All Of Bobby Jindal's Legitimately Awful Policies (That We Know About)
On Wednesday, Louisiana governor Bobby Jindal announced that he is entering the 2016 presidential race. Jindal has served as Louisiana's governor since 2008, and has had a solidly Republican political record. He joins the race as the 13th Republican to throw their hat in the ring. Perhaps the number 13 should be given special heed in this case, as a Jindal presidency would spell bad luck for many Americans. Bobby Jindals' politics are scary, and his candidacy is not one I am excited about. I don't think he really stands a chance against other more powerful candidates in his party, but knowing that he now has a national audience to impart his opinions to is unsettling.
To call Jindal an ultra-conservative would not be an exaggeration. in fact it might be toning things down a tad. Jindal leans very far to the right on every major issue, which is often bad news for women, the environment, and education. We can only speculate on any additional beliefs and policies he will suggest in his attempts to sway conservative voters in the coming months, but I can say confidently that I won't be happy to hear about any of it. So that you're armed and prepared for what is to come during Jindal's campaign, here is a summary of some of his most harmful policies.
So much so that he actually compared pro-choice policies to slavery in America in his 2010 book, Leadership and Crisis :
America's Judeo-Christian heritage commands us to help the help-less and demands that we protect innocent human life. Yes, this is a demand, not an option. America is a place that actively strives to protect its most vulnerable members. Undoubtedly, we as a country have made wrong turns over the years--we tolerated slavery after all.
Well I guess we know how much we can count on Jindal to have our backs on abortion.
Against Same-Sex Marriage
In that same book, Jindal appears to want us to feel bad for him because his same-sex marriage views are extremely outdated. He writes,
The elite press, having heard rumors that I am well-educated and maybe even halfway smart, invariably start with the same line of questioning, "How could you, an educated person, oppose same sex marriage? Or favor intelligent design? Or be a Republican? Or not drink Frappucino?"

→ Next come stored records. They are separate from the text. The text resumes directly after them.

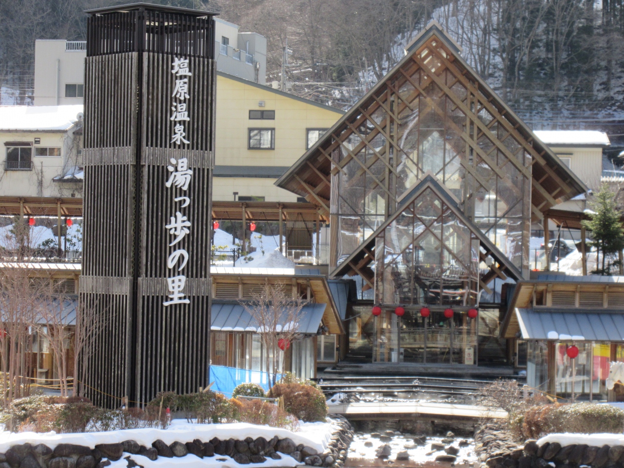 古町温泉街で大きなホテルは「大江戸温泉物語ホテルニュー塩原」と「塩原温泉ホテルおおるり」です。それぞれ裏口から出ると目の前が古町温泉街です。
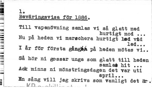 //// - //// i 1. //// 3 Beväringsvisa för 1886. //// Till vapenövning samlas vi så glatt med 5 hurtigt mod ... //// 5 Nu på heden vi marschera hurtigt Lod våd //// - led... 2 I år för första gång£A på heden mötas vi,. //// g Så hör ni gossar unga som glatt till heden = samlaå hit ... //// - Ack minns ni mönstringsdagen det var uti -j april... //// I En sång vill jag skriva som vanligt det är- //// ä I___)/n ~ ti-__A I ////
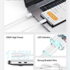 USAMS καλώδιο USB-C σε USB-C US-SJ660, 100W, 480Mbps, 1.2m, λευκό

When I speak to national reporters, some shoot me a mock sympathetic look, as if to say, "It's okay, I know you can't really believe those things, I know you just have to say that stuff to get elected here in the Deep South." They believe either I don't really hold these socially conservative viewpoints, or I'm really not that smart.
I mean, are those two assumptions really that unreasonable?
Doesn't Quite Understand Climate Change
While he has conceded that human behavior does play some role in climate change, he doesn't seem to fully grasp exactly how human behavior is harmful to the environment. I say this because he went berserk on President Obama after the president stalled on approving the Keystone XL pipeline:
There are no logical reasons to oppose construction of the pipeline other than an irrational liberal ideology that blindly and unscientifically opposes all forms of energy which they themselves do not deem to be sufficiently ‘"green" or ‘"renewable."
Not only is this lovely excerpt evidence that Jindal favors hyperbolic rhetoric over actual arguments, but also demonstrates that he missed the many memos that unequivocally stated that the Keystone pipeline would have disastrous environmental impacts, including a huge increase in greenhouse emissions. This information came from scientists and everything, Bobby!
Favors Hugging And Praying Over Policy Change
At least when it comes to gun laws, apparently. In a super classy move last Thursday, Jindal went to town on Obama again, but this time accusing him of pandering to his base when the president called for changes in our gun laws following the tragedy in Charleston, South Carolina. Jindal stated that the president should be
Hugging these families [of the victims], and praying for these families.
I don't see why hugging and wanting to make it harder for people to get murdered due to gun violence have to be mutually exclusive, but okay.
Does Not Support Federal Health Insurance
Jindal is very big on admonishing any use of "top down" government policies, and apparently government subsidized health insurance is not an exception. Instead of providing well-reasoned criticisms, Jindal preferred to point out that the marketplace health insurance website had difficulties launching.
The disastrous rollout [sic] of Obamacare is a case in point that we don't need top-down, one-size-fits-all federal mandates, and instead should continue to focus on health care solutions that make sense for Louisiana. Obamacare needs to be repealed. The dysfunction of the website and the President's broken promises on being able to keep your health plan are just the tip of the iceberg in regards to the problems with this law.
While tech issues with the start of Obamacare were unfortunate, I am not sure that I understand why that means Americans shouldn't have subsidized health insurance. I pass the question back to Jindal.
I suppose it could be mildly entertaining (in a dark and depressing way) to hear more of Jindal's hyperbolic and misguided rhetoric for as long as his campaign funds hold out. In a sense it could be seen as a reality check. This is what a legitimate contender for the nomination of the Republican party looks like in 2015. It's something to keep an eye on (when your eyes aren't rolling out of your head, of course), because these are, unfortunately, representative of many policy-makers in Jindal's cohort.